We have been in contact with the young adult convention planners in hopes of proactively tackling our concerns with the young adult convention. Out of a twofold vision of furthering current conversation and instigating a paradigmatic shift in subsequent years’ conventions, we have developed a concrete proposal for this summer’s young adult convention. We are asking to facilitate at least two sessions that would each last at least an hour. Our primary concern is continuing the conversation about young adult involvement with other young adults. Our secondary hope is to facilitate a forum in which we, as young adults, will grapple with our own concerns for the Mennonite church – from a specifically young adult perspective. To specify in more detail we have listed some questions and points that we hope to address in each session below.

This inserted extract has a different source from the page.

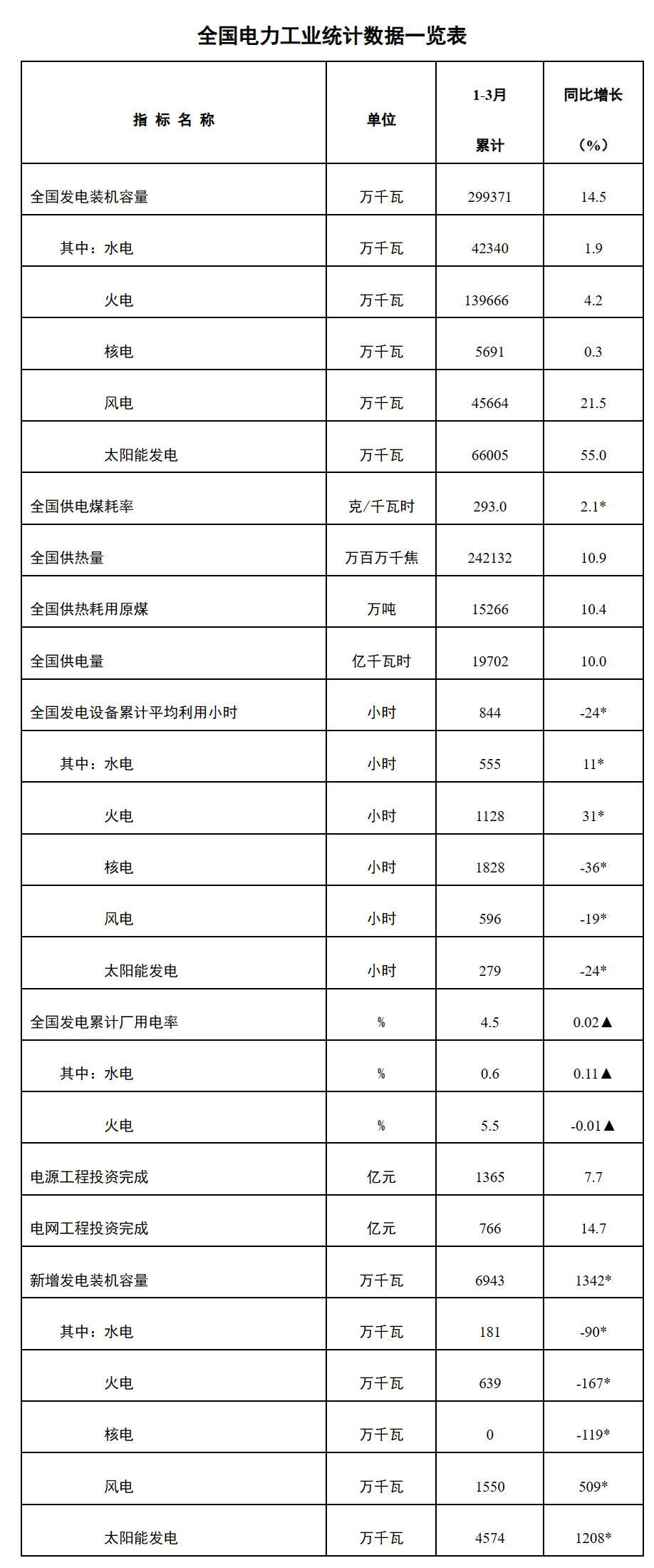 截至3月底,全国累计发电装机容量约29.9亿千瓦,同比增长14.5%。其中,太阳能发电装机容量约6.6亿千瓦,同比增长55.0%;风电装机容量约4.6亿千瓦,同比增长21.5%。

1. During the first session, we hope to facilitate an open discussion about the involvement and role of young adults in the Mennonite church. We hope to ask questions that address these issues historically and push us toward talking about the future. What were our experiences of being involved in the church during high school? What changed as our communities of nurture shifted or were left? To what degree do we still feel involved in those communities? Where do we go from here? What needs to change within the structure of the church to empower us to more committed involvement? What can we do, as young adult members of the Mennonite church, to empower ourselves and commit ourselves, more fully, to this faith tradition?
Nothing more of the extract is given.